Тайна Самаэля
Шрифт:
«Нет, это бред, – мотнул я головой и гулко проглотил слюну. – Ибрагимов никогда бы такое не сделал».
– Так что он говорил? – слышался настойчивый вопрос. На меня давило ощущение надвигающейся беды, как будто все вокруг сжималось, и в воздухе витала предчувствие угрозы. Я понимал, что каждое слово, которое я произнесу, может стать для них уликой, способной развернуть дело в совершенно неожиданную сторону. Тревога заполнила меня, отдавала холодом по всему телу, а в груди забилось сердце, словно напоминая, что последствия могут быть очень серьезными.
– Он говорил о том, что миру угрожают демоны, и мы обязаны противостоять этому.
– О демонах говорит физик – не странно ли это? Или под демоном подразумевался
В этот момент, если честно, искренне разозлился:
– Слушайте, хватит растягивать свою странную линию факта до глупости.

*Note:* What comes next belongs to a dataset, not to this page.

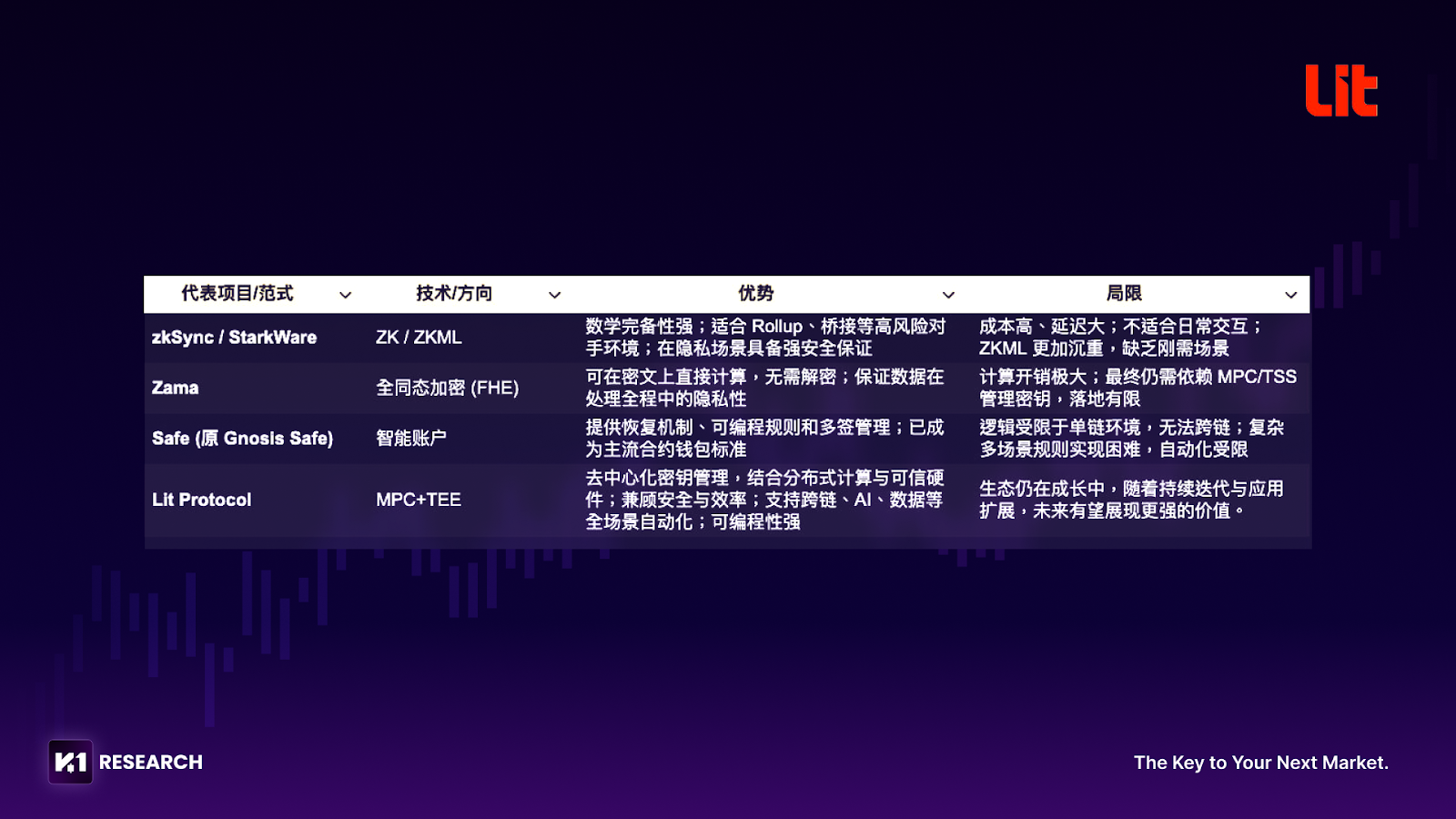 截至 2025 年 9 月,Lit Protocol 的产品已管理资产规模(AUM)超过 3.4亿美元,覆盖钱包数量接近 166 万 个地址,已为 Alchemy、Lens Protocol、DataverseOS、Humanity Protocol 等多个项目提供密钥管理与访问控制服务。Lit 因其政策驱动的自动化与隐私保障以及在可编程签名与加密逻辑方面的创新,成为这一领域的领先者。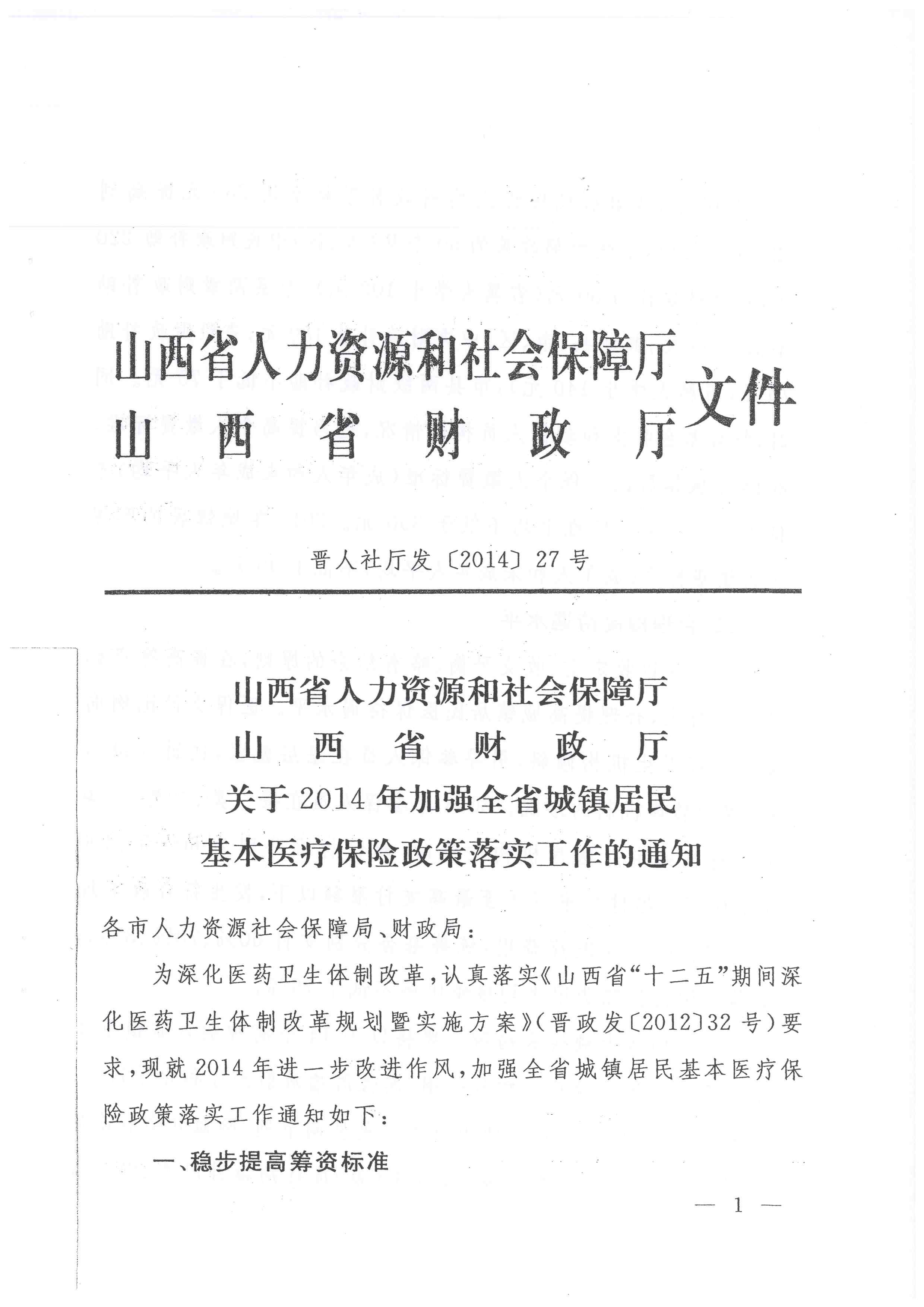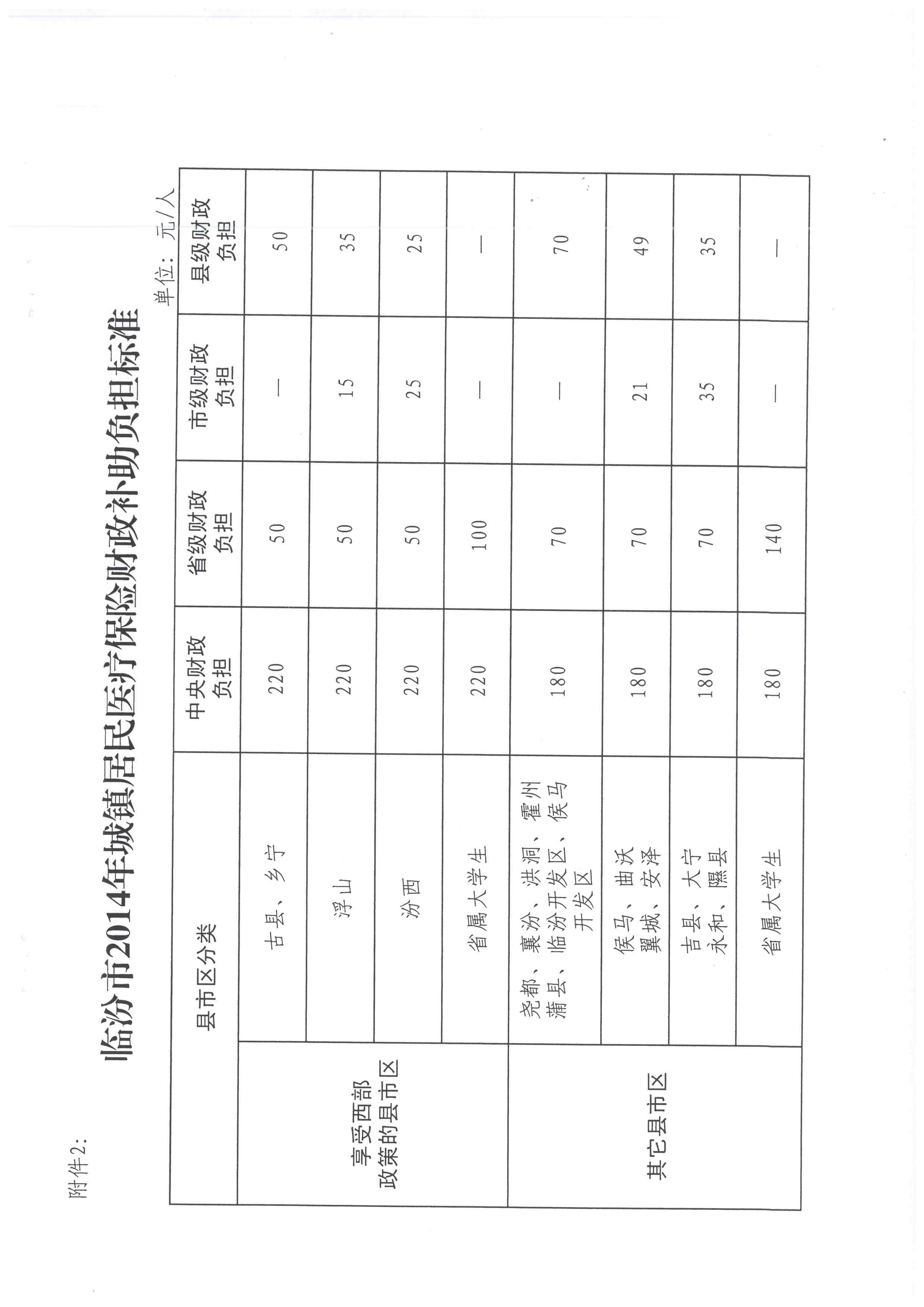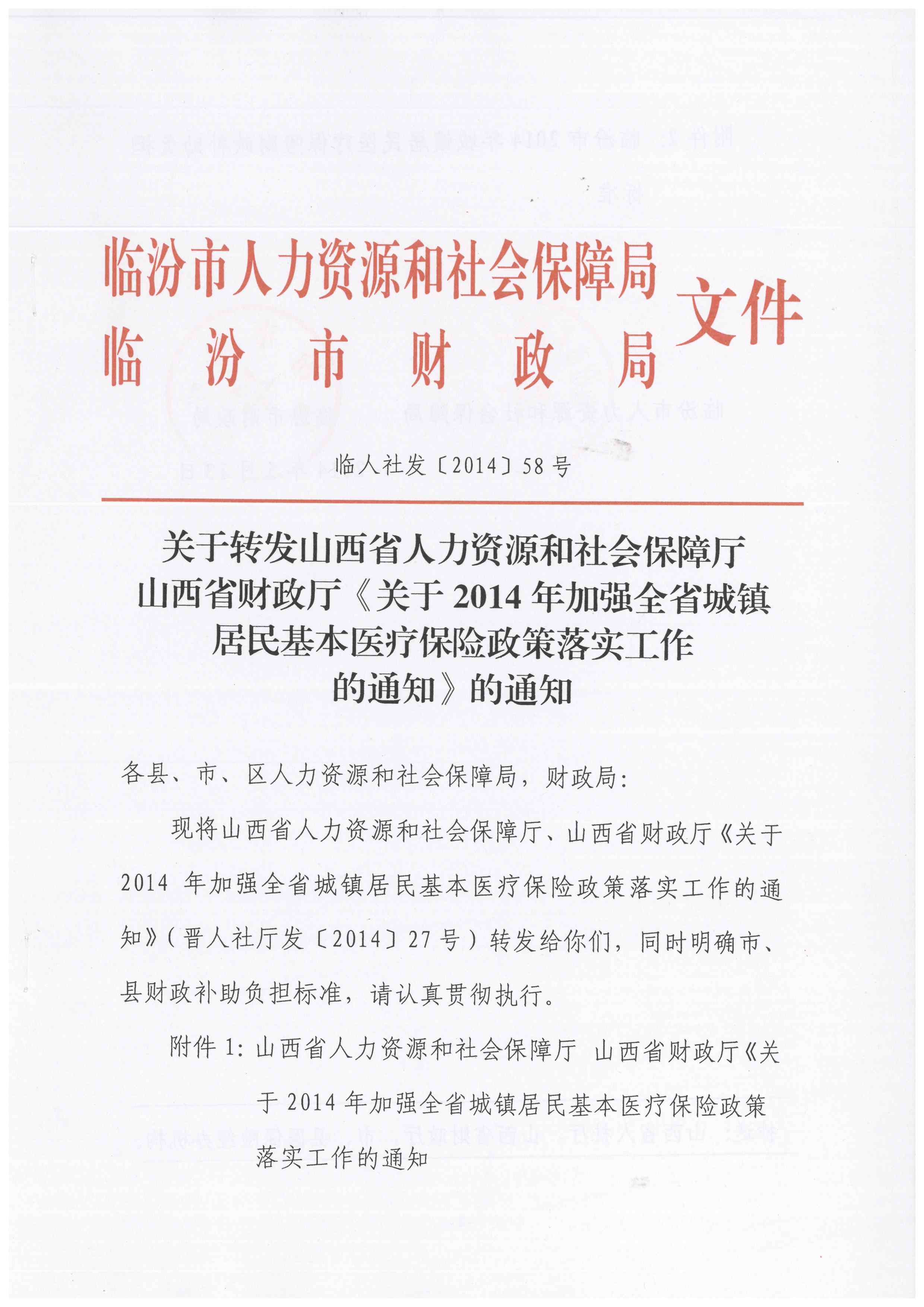 临汾市财政局转发《2014年加强全省城镇居民基本医疗保险政策落实工作的通知》

Я говорю вам то, что было, а вам самим дознавать, где истина, и не надо на меня вешать всех собак! Ничего с политикой и религией мы не имели дело – чистая наука!
– Мы дознаемся, не беспокойтесь, – несколько зловеще произнес следователь прокуратуры, переглянувшись с капитаном милиции. Их взгляды пересеклись в молчаливом соглашении, и я ощутил, как в воздухе витают напряжение и настороженность. Капитан, с усами и короткой стрижкой, с хитрой улыбкой на лице, будто наслаждался этим процессом. Они явно чувствовали себя уверенно, как будто мы были лишь фигурами в их игре, и, скорее всего, уже делали выводы о моей роли в произошедшем.
– Мы вправе рассматривать все версии, в том числе и участие в антиконституционном заговоре, в подпольном движении, в создании оружия для террористических групп и так далее.
– Для кого вы проводили эксперименты? – последовал новый вопрос.
– Мы выиграли грант у американской компании на проект для космической отрасли, – ответил я осторожно, подбирая слова. – Все в рамках узбекско-американского научного сотрудничества, протоколы есть в Академии наук, можете там спросить, – последнее я сказал, чтобы отвести какие-либо подозрения с наших дел, придать нашим исследованиям законный и официальный характер. Что-что, а именно открытость и задокументированность сейчас было моей защитой.
– Это компания снабжала вас всем оборудованием?
– Да…
– Тогда почему профессор сломал все?
У меня перехватило дыхание:
– Чего-чего?
Мое изумление было искренним, и Абдуллаев несколько смягчился:
– Все лабораторное оборудование уничтожено. Наши специалисты пытаются все собрать, в том числе восстановить жесткие диски на компьютерах, но шансов мало… Хотите взглянуть?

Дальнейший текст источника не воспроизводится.